ZP: Could you introduce us to your student life?

Simon Song: Hello everyone, I am Simon Song, the founder and CEO of VAST.

I grew up in Hangzhou, so I was deeply influenced by traditional Chinese culture. In the first and second grades of elementary school, I stumbled upon classics like the “Tao Te Ching” and the “Platform Sutra” in my father’s bookshelf, which sparked my interest in this area. I even spent some time practicing Zen at Jinshan Temple during middle school, igniting my passion for religious philosophy.

In high school, I applied to over thirty universities, mostly related to theology. Eventually, I went to Johns Hopkins University to study politics in the Middle East, as this major offered the opportunity to explore religions and humanities from around the world. To better understand this field, I learned Hebrew and Arabic. In my sophomore year, I spent a year in Israel and visited many unique places like Georgia, Bermuda, Morocco, and Cuba, experiencing diverse cultures and learning to embrace complexity.

Games also had a huge impact on me, as it seems hard for guys my age not to love gaming (laughs). My passion for gaming was as intense as for religious philosophy. At Hopkins, I played games so much that my advisor had to bring my parents to the U.S. to address this issue. There was a huge dent in the middle of my dorm bed from spending long periods reading and gaming.

So, my experiences might seem contradictory to some, like a mix of a religious philosophy enthusiast and a gamer who has traveled extensively?

ZP: When did you first get involved in the 3D field?

Simon Song: I joined SenseTime before graduating, where one of the business directions was 3D animation. I spent a lot of time communicating with various people in the domestic 3D animation industry because we were focused on AIGC, and thus very concerned about the efficiency of 3D content production.

I noticed that even the most talented content creators in China, graduates from top institutions like Tsinghua and CAFA, had to spend a lot of time on labor-intensive tasks, significantly limiting their creative potential.
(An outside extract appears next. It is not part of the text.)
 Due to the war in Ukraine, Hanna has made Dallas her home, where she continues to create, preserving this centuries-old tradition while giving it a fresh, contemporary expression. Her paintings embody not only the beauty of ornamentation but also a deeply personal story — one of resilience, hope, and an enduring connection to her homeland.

The industry had long recognized this problem, but at that time, the only solution was to rely on better software tools to optimize efficiency. However, I realized there was a huge gap between content creators and software engineers. So, we used AIGC tools to serve many leading animation companies in China. At the same time, we also tried creating some animated content with AIGC tools, eventually building a social media account with millions of followers.
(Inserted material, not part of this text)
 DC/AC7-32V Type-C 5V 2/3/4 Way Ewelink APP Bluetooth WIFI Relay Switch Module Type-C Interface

In this process, I gained some insights:

Firstly, people only consume top-notch, 10/10 content, not mediocre 9/10 content. So, flooding platforms with AI-generated content is meaningless if it’s not high-quality. Good content must be designed by humans: it needs aesthetics, a storyline, and control. If that’s the case, then AI can be used to execute and realize these designs. Secondly, the animation industry is labor-intensive. The technology level at that time could reduce the overtime hours of animators from 10 PM to 9 PM, but it couldn’t spark more creativity. Neither the quality nor the efficiency of content production had reached the Product-Market Fit (PMF) stage.

Therefore, I believe that to fundamentally solve this, the key is to liberate 3D content productivity. What’s needed is a revolutionary 3D content typewriter — a large 3D model. This is a fundamental first-principle need. Creators should spend more time thinking and leave the manual work to the large 3D model.

ZP: When did you start thinking about entrepreneurship?

Simon Song: I had never thought about starting my own business before. During my work, I met many friends with rich experience and insights in 3D content and AIGC. In our discussions, I found our visions for 3D content surprisingly aligned. As someone with strong initiative, once we saw the same future, entrepreneurship seemed like a natural step, and that’s how VAST started.

ZP: Why did you decide to release some open-source work?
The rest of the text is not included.